MATERIAL SHOWN: Begin

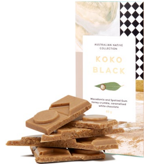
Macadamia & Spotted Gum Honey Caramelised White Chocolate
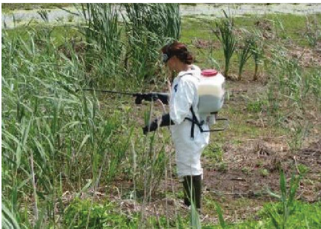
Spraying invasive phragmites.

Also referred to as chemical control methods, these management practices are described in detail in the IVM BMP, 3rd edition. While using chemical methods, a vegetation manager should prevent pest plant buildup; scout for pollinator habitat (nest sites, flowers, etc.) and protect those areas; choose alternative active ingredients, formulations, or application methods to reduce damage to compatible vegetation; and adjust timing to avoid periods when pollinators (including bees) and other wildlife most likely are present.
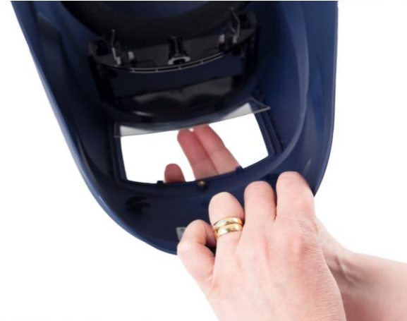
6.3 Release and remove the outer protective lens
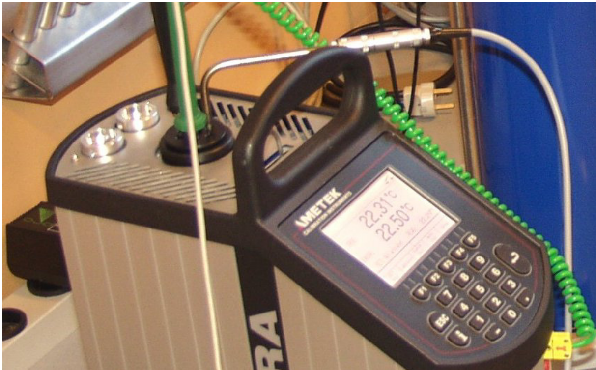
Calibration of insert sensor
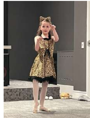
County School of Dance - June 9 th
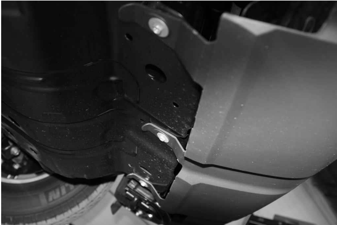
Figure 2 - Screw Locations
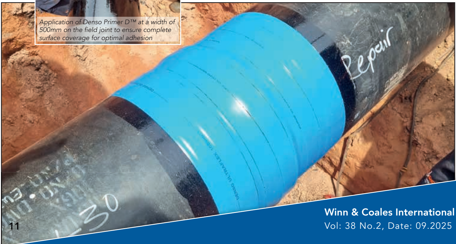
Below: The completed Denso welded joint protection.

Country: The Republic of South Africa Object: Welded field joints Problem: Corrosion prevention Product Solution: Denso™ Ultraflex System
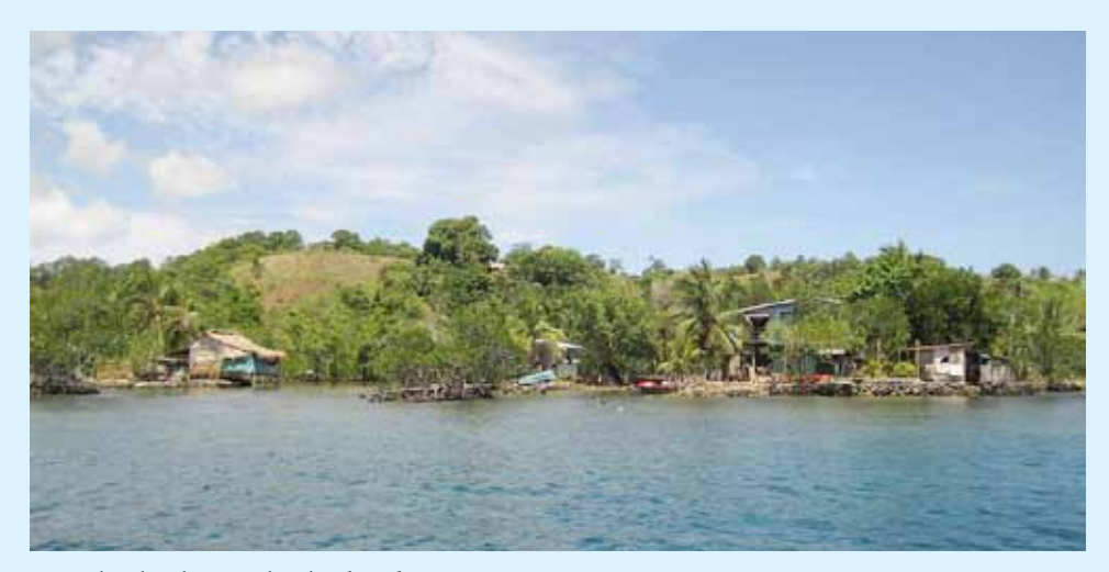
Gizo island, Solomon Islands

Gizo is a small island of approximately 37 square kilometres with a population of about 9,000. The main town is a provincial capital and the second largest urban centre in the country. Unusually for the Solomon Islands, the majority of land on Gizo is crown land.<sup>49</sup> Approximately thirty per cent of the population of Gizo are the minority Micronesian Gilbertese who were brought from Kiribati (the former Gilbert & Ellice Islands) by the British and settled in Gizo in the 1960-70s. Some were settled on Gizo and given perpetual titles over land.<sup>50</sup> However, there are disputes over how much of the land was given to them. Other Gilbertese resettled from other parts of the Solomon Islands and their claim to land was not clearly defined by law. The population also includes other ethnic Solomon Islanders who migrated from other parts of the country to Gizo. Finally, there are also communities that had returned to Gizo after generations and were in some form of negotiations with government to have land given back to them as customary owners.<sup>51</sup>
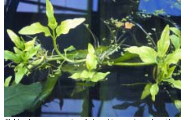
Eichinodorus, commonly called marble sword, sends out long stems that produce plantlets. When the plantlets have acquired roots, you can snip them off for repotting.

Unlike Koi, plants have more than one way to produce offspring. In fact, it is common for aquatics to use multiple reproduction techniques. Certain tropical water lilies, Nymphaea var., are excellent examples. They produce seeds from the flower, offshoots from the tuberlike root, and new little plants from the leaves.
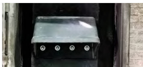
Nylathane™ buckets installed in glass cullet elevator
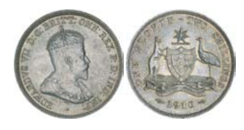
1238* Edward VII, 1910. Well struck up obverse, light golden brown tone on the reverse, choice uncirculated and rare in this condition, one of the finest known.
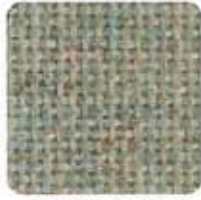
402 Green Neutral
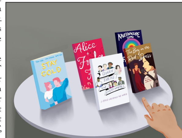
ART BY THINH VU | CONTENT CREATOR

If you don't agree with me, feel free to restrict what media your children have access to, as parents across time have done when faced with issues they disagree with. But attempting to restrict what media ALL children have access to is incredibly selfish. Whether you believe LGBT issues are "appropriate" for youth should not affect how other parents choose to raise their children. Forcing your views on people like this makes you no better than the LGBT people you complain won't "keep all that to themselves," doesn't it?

MATERIAL SHOWN: End

▶ [AIM OF THE TASK]: Your task is to list each line of the records with the word "should".

▶ [RESULT FOR THIS EXERCISE]:
Also referred to as chemical control methods, these management practices are described in detail in the IVM BMP, 3rd edition. While using chemical methods, a vegetation manager should prevent pest plant buildup; scout for pollinator habitat (nest sites, flowers, etc.) and protect those areas; choose alternative active ingredients, formulations, or application methods to reduce damage to compatible vegetation; and adjust timing to avoid periods when pollinators (including bees) and other wildlife most likely are present.
If you don't agree with me, feel free to restrict what media your children have access to, as parents across time have done when faced with issues they disagree with. But attempting to restrict what media ALL children have access to is incredibly selfish. Whether you believe LGBT issues are "appropriate" for youth should not affect how other parents choose to raise their children. Forcing your views on people like this makes you no better than the LGBT people you complain won't "keep all that to themselves," doesn't it?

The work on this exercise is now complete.